Besides helping to decrease identity fraud, biometric solutions can be paired with behavioral analytics to prevent illicit transactions and other financial frauds, thus saving companies from enormous financial and reputation losses.
Where’s RegTech Headed
The increasingly complex regulatory landscape makes compliance a weary load for businesses of all sizes. It spurs greater interest in automating the supervision of regulatory change, reporting, and financial fraud detection.
Besides, due to the ballooning amount of regulations, the cost of compliance continues to grow. According to recent estimates, it may take up to 20% of the entire financial firm’s budget just to stay in business and avoid fines from regulators.
Therefore, companies (in particular, those that operate across multiple jurisdictions) will have to keep up with current and emerging regulations, manage their compliance costs more wisely, and increase the efficiency of compliance processes.
For that, embracing the tech that eliminates manual paper-based workflows and reduces the risk of human error seems indispensable.

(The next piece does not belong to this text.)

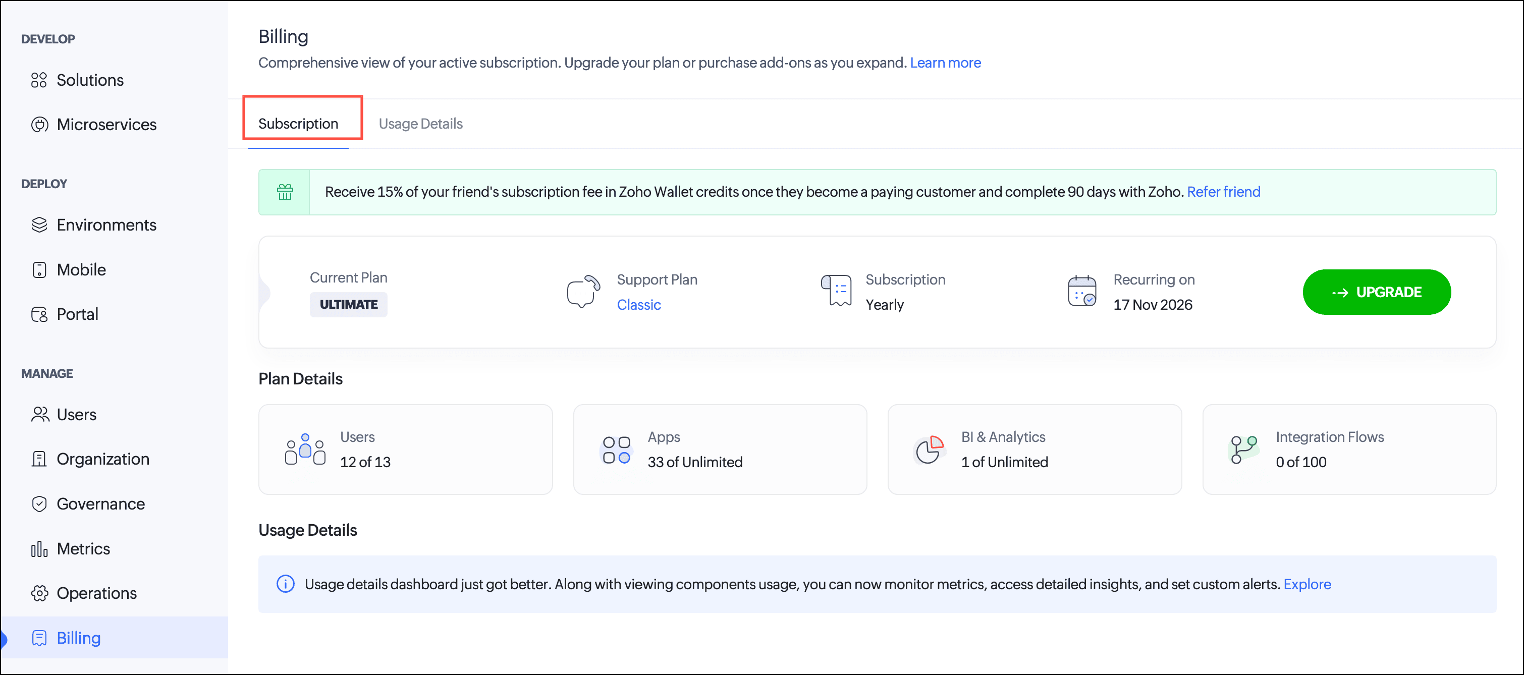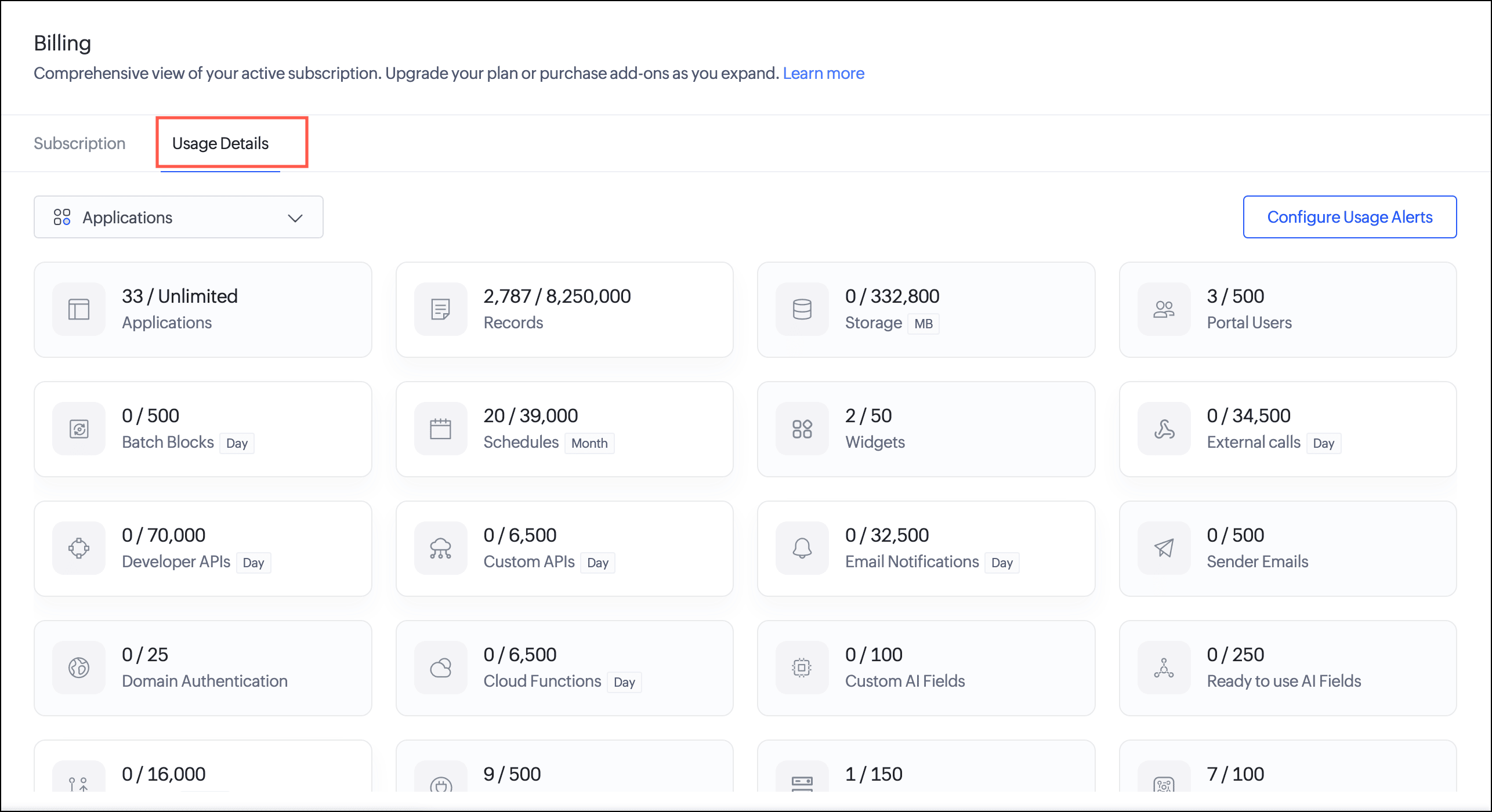 メインの Billing セクションで データ をクリックすると、指標や利用状況のインサイトを含む詳細ビューにアクセスできます。 |
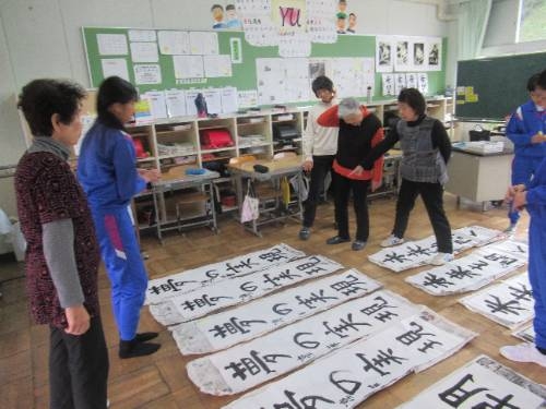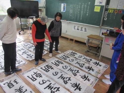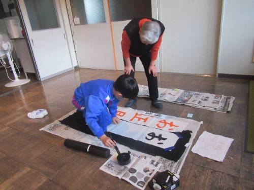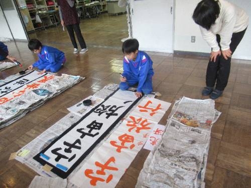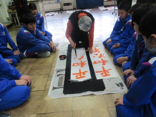 書初め会! 1/13(水)書初め会が行われました。4名の講師の先生方にアドバイスを受けながら、子どもたちは、一筆一筆心を込めて作品を仕上げていきました。3年生は初めての書初めでしたが、思い切りよく力強い字を書くことができました。

Thus, RegTech solutions addressing the ever-evolving compliance needs will be increasingly in demand. The same refers to compliance officers with deep domain expertise who can handle complex cases unmanageable without human judgment.
As for regulators, they’ll be encouraging RegTech adoption by leveraging RegTech solutions for more efficient and careful supervision over banks, insurance companies, and other financial institutions. Another reason for regulators to favor RegTech startups is the absence of licensing, facilitating regulators’ work.
One Final Note
For every company wishing to adopt RegTech innovation, I suggest following the 3-step approach. First, it’s crucial to spot the problems addressed with RegTech and analyze possible solutions in terms of the ROI and efficiency metrics.
Secondly, it’s necessary to summon an on-site dedicated RegTech team, accountable for elaborating solutions, supervising their implementation, and assessing efficiency.
Alternatively, if your local talent market lacks RegTech professionals, you may find a third-party provider that’ll make your RegTech project an endeavor, which brings its dividends.
Finally, it’s required to assess RegTech’s long-term sustainability by making sure that the RegTech you’re working with has a viable operating model, strong leadership, stable funding, and resources to manage any unexpected issues that may appear.